Perhaps the two years in Parliament had most closely savored of consciously applied contest, and in that contest Odd considered himself beaten, and its efforts as though they had never been. Every one had told him that to bring the student’s ideals into the political arena was to insure defeat; one’s friends would consider a carefully discriminating honesty and broad-mindedness mere disloyal luke-warmness, foolish hair-splitting feebleness; one’s enemies would rejoice and triumph in the impartiality of an opponent. Certainly he had been defeated, and he could not see that his example had in any way been effectual. At all events, he had held to the ideals.

His fine critical taste found even his own books but crude and partial expressions of still groping thoughts. His unexpressed intention, good indeed, if one might so call its indefiniteness, had been to make the world better for having lived in it; better, or at least wiser. But he doubted the saving power of his own sceptical utterances; the world could not be saved by the balancings of a mind that saw the tolerant point of view of every question, a mind itself so unassured of results. A strong dash of fanaticism is necessary for success, and Odd had not the slightest flavor of fanaticism.
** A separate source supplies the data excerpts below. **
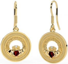 Garnet Gold Silver Celtic Claddagh Trinity Knot Dangle Earrings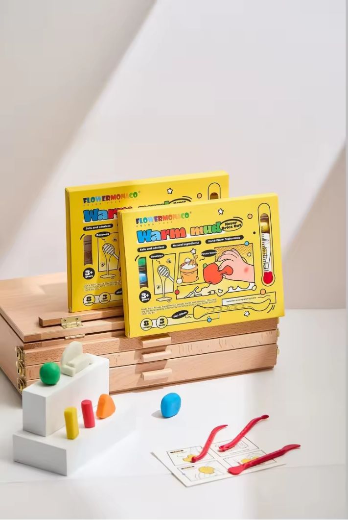 The Flower Monaco Warm Mud (8 Colors) is a baby-safe modeling clay made from potato starch and natural beeswax. Its soft texture becomes even smoother with warmth, never dries out, and can even be sterilized in a microwave—making it a safe, fun, and long-lasting creative material for toddlers.
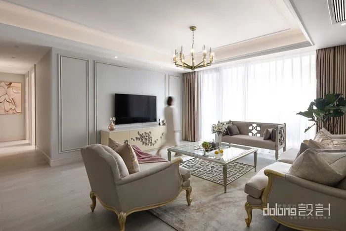 该案例中,除了背景墙用了石膏线,其他墙面也做了线条,墙面线条具有线条美,不仅将墙面拉伸,同时也让整个背景墙显得不那么单调。

Perhaps he had given a little pleasure in his more purely literary studies, and Peter thought that he would stick to them in the future, but he had put the future away from him just now. He had only returned from the great passivity of the Orient a few weeks ago, and its example seemed to denote drifting as the supreme wisdom. No effort, no desire; a peaceful receptivity, a peaceful acceptance of the smiles or buffets of fate; that was Odd’s ideal—for the present. He was a little sick of everything. The Occidental’s energy for combat was lulled within him, and the Occidental’s individualistic tendencies seemed to stretch themselves in a long yawn expressive of an amused and tolerant observation free from striving; and, for an Occidental, this mood is dangerous. Odd also did a good deal of listening to very modern and very clever French talk. He knew many clever Frenchmen. He did not agree with all of them, but, as he was not sure of his own grounds for disagreement, he held his peace and listened smilingly. Certainly the exclusively artistic standpoint was a most comforting and absorbing plaything to fall back on.
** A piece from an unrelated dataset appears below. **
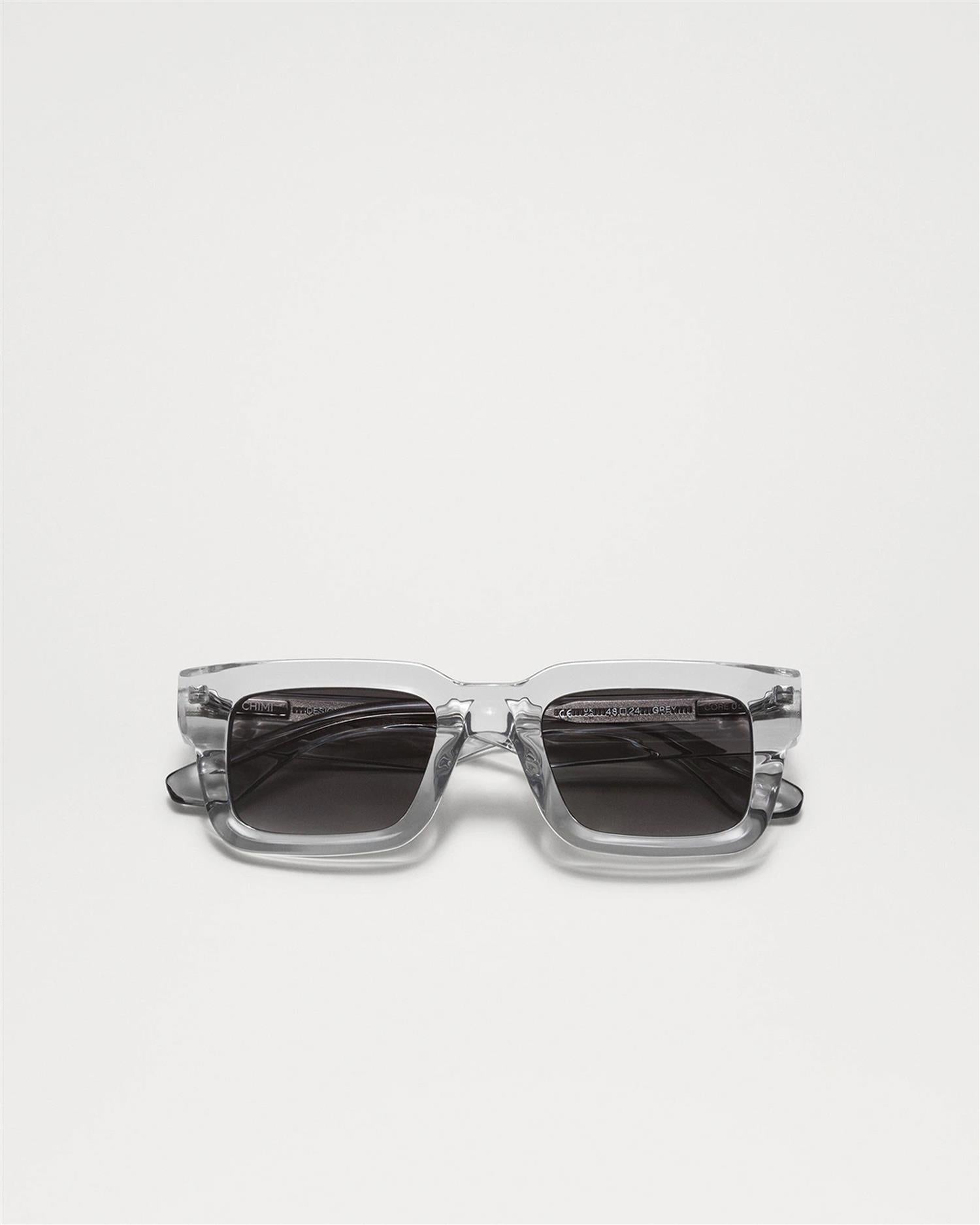 Chimi 05 har en tydelig kvadratisk form med skarpe linjer og minimalistisk design. Den gir et arkitektonisk uttrykk med markerte bevel-detaljer i tempelområdet, og rammer inn ansiktet med både presisjon og tilstedeværelse, uten å gå på kompromiss med komfort

Peter’s friends talked of the amusing and touching spectacle of the universe. The representation of each man’s illusion on the subject, and the manner of that representation, were never-ceasing sources of interest. Peter also read a little at the BibliothÈque Nationale, paid a few calls, dined out pretty constantly, and bicycled a great deal in the mornings with Katherine Archinard. She understood things well, and her taste was as sure and as delicate as even Odd could ask. Katherine had absorbed a great deal of culture during her wanderings, and it would have taken a long time for any one to find out that it was of a rather second-hand quality, and sought more for attainment than for enjoyment. Katherine talked with clever people and read clever reviews, and being clever herself, with a very acute critical taste, she knew with the utmost refinement of perception just what to like and just what to dislike; and as she tolerated only the very best, her liking gave value. Yet au fond Katherine did not really care even for the very very best. Her appreciation was negative. She excelled in a finely smiling, superior scorn, and could pick flaws in almost any one’s enjoyment, if she chose to do so. Katherine, however, was kind-hearted and tactful, and did not arouse dislike by displaying her cleverness except to people who would like it. Enthusiasm was banal, and Katherine was not often required to feign where she did not feel it; her very rigor and exclusiveness of taste implied an appreciation too high for expression; but Katherine had no enthusiasm.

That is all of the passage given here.